What you will do:
Omit the pictures, then write out every entry exactly as it reads.

Stored data entries:
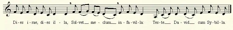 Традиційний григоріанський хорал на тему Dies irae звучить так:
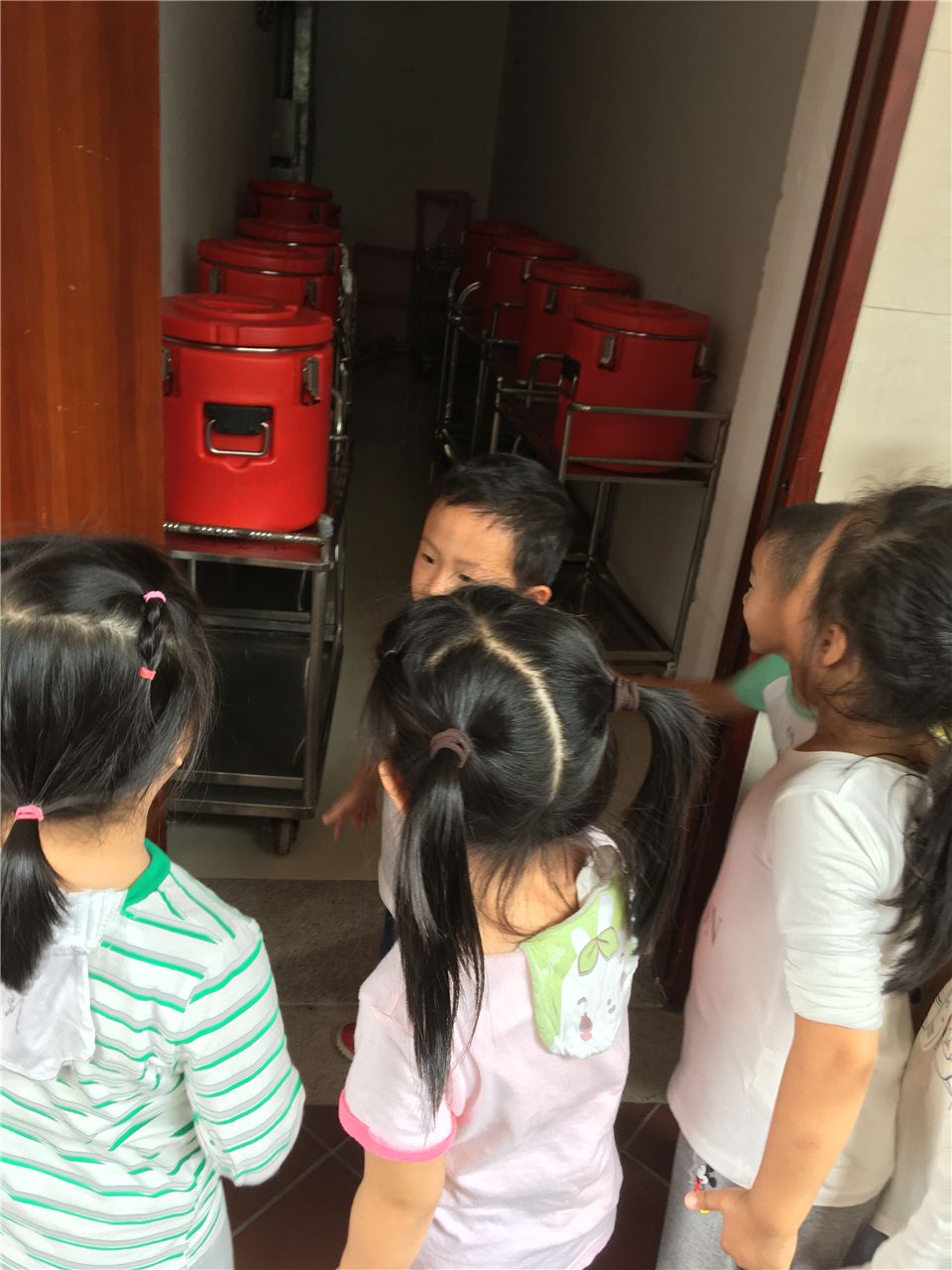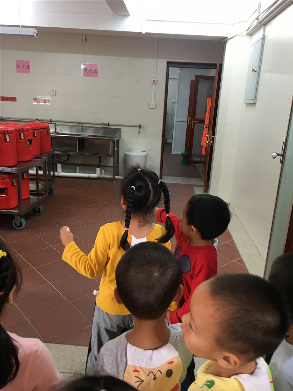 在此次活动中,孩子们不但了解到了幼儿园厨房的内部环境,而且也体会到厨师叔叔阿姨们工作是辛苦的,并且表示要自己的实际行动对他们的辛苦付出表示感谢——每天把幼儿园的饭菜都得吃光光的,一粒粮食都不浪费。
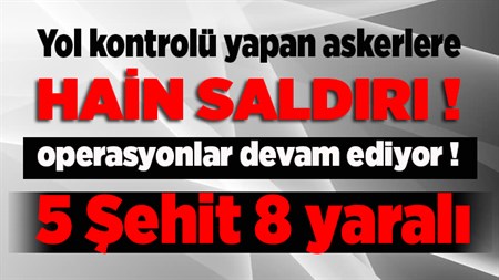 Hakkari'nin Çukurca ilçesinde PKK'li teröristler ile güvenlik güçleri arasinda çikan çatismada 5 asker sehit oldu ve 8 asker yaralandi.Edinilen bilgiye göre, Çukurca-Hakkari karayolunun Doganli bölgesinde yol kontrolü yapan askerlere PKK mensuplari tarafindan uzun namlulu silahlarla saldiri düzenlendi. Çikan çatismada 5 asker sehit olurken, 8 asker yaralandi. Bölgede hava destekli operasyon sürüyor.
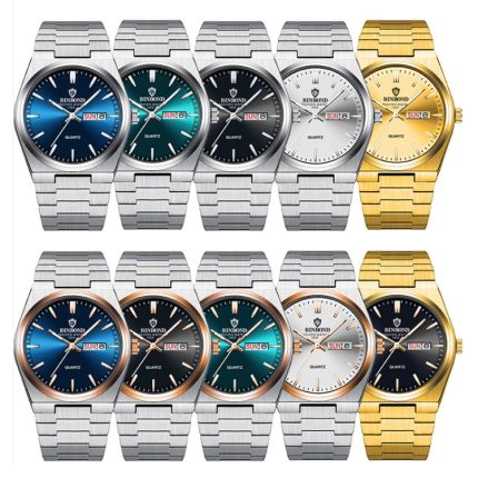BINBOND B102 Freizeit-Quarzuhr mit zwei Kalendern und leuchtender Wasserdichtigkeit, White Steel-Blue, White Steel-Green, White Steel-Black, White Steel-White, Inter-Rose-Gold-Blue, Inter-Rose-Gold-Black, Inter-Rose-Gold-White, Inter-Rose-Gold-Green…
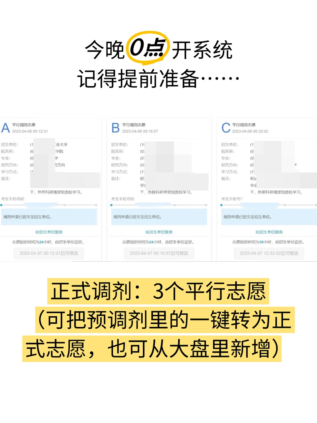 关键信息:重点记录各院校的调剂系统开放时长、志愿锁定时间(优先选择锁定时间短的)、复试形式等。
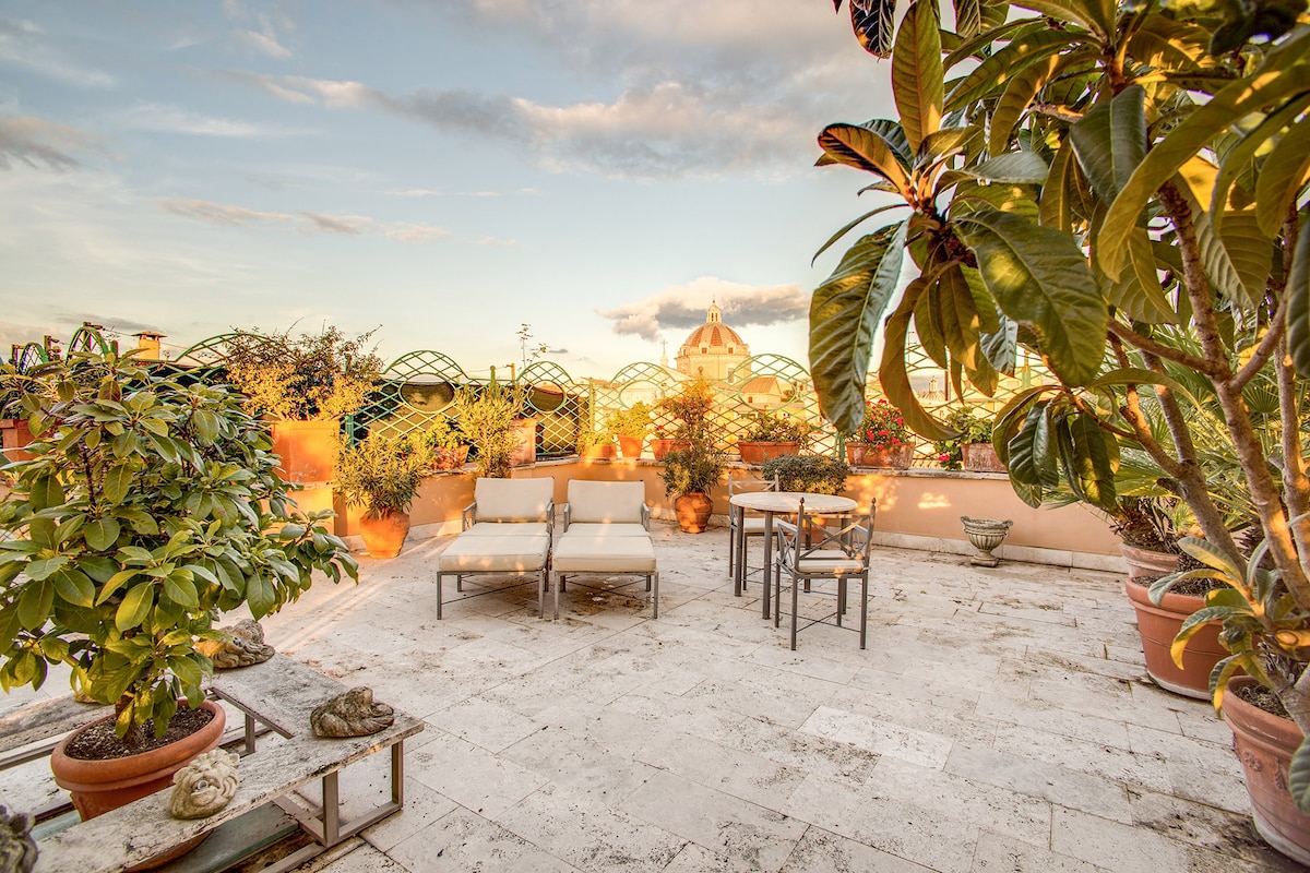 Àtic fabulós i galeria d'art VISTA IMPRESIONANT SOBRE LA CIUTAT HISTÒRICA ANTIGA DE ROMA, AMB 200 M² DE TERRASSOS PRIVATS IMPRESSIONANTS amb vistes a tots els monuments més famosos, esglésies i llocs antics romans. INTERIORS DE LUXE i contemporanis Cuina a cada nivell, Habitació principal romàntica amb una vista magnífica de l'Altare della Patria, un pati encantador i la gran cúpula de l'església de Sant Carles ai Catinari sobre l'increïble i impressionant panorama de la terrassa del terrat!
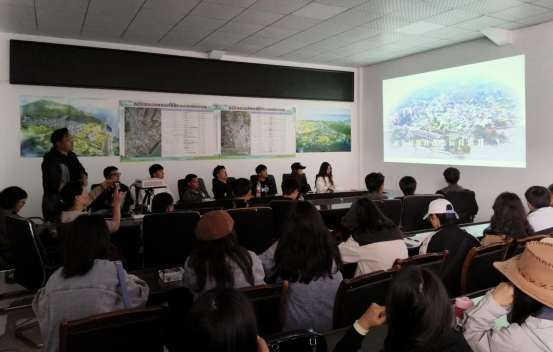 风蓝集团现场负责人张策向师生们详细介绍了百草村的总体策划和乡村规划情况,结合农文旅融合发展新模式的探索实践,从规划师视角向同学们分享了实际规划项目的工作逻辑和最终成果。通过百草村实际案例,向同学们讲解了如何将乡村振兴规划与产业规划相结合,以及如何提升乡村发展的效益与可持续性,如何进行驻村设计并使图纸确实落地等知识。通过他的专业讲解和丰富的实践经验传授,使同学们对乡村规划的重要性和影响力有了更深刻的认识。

Reply:
 Традиційний григоріанський хорал на тему Dies irae звучить так:
 在此次活动中,孩子们不但了解到了幼儿园厨房的内部环境,而且也体会到厨师叔叔阿姨们工作是辛苦的,并且表示要自己的实际行动对他们的辛苦付出表示感谢——每天把幼儿园的饭菜都得吃光光的,一粒粮食都不浪费。
 Hakkari'nin Çukurca ilçesinde PKK'li teröristler ile güvenlik güçleri arasinda çikan çatismada 5 asker sehit oldu ve 8 asker yaralandi.Edinilen bilgiye göre, Çukurca-Hakkari karayolunun Doganli bölgesinde yol kontrolü yapan askerlere PKK mensuplari tarafindan uzun namlulu silahlarla saldiri düzenlendi. Çikan çatismada 5 asker sehit olurken, 8 asker yaralandi. Bölgede hava destekli operasyon sürüyor.
BINBOND B102 Freizeit-Quarzuhr mit zwei Kalendern und leuchtender Wasserdichtigkeit, White Steel-Blue, White Steel-Green, White Steel-Black, White Steel-White, Inter-Rose-Gold-Blue, Inter-Rose-Gold-Black, Inter-Rose-Gold-White, Inter-Rose-Gold-Green…
 关键信息:重点记录各院校的调剂系统开放时长、志愿锁定时间(优先选择锁定时间短的)、复试形式等。
 Àtic fabulós i galeria d'art VISTA IMPRESIONANT SOBRE LA CIUTAT HISTÒRICA ANTIGA DE ROMA, AMB 200 M² DE TERRASSOS PRIVATS IMPRESSIONANTS amb vistes a tots els monuments més famosos, esglésies i llocs antics romans. INTERIORS DE LUXE i contemporanis Cuina a cada nivell, Habitació principal romàntica amb una vista magnífica de l'Altare della Patria, un pati encantador i la gran cúpula de l'església de Sant Carles ai Catinari sobre l'increïble i impressionant panorama de la terrassa del terrat!
 风蓝集团现场负责人张策向师生们详细介绍了百草村的总体策划和乡村规划情况,结合农文旅融合发展新模式的探索实践,从规划师视角向同学们分享了实际规划项目的工作逻辑和最终成果。通过百草村实际案例,向同学们讲解了如何将乡村振兴规划与产业规划相结合,以及如何提升乡村发展的效益与可持续性,如何进行驻村设计并使图纸确实落地等知识。通过他的专业讲解和丰富的实践经验传授,使同学们对乡村规划的重要性和影响力有了更深刻的认识。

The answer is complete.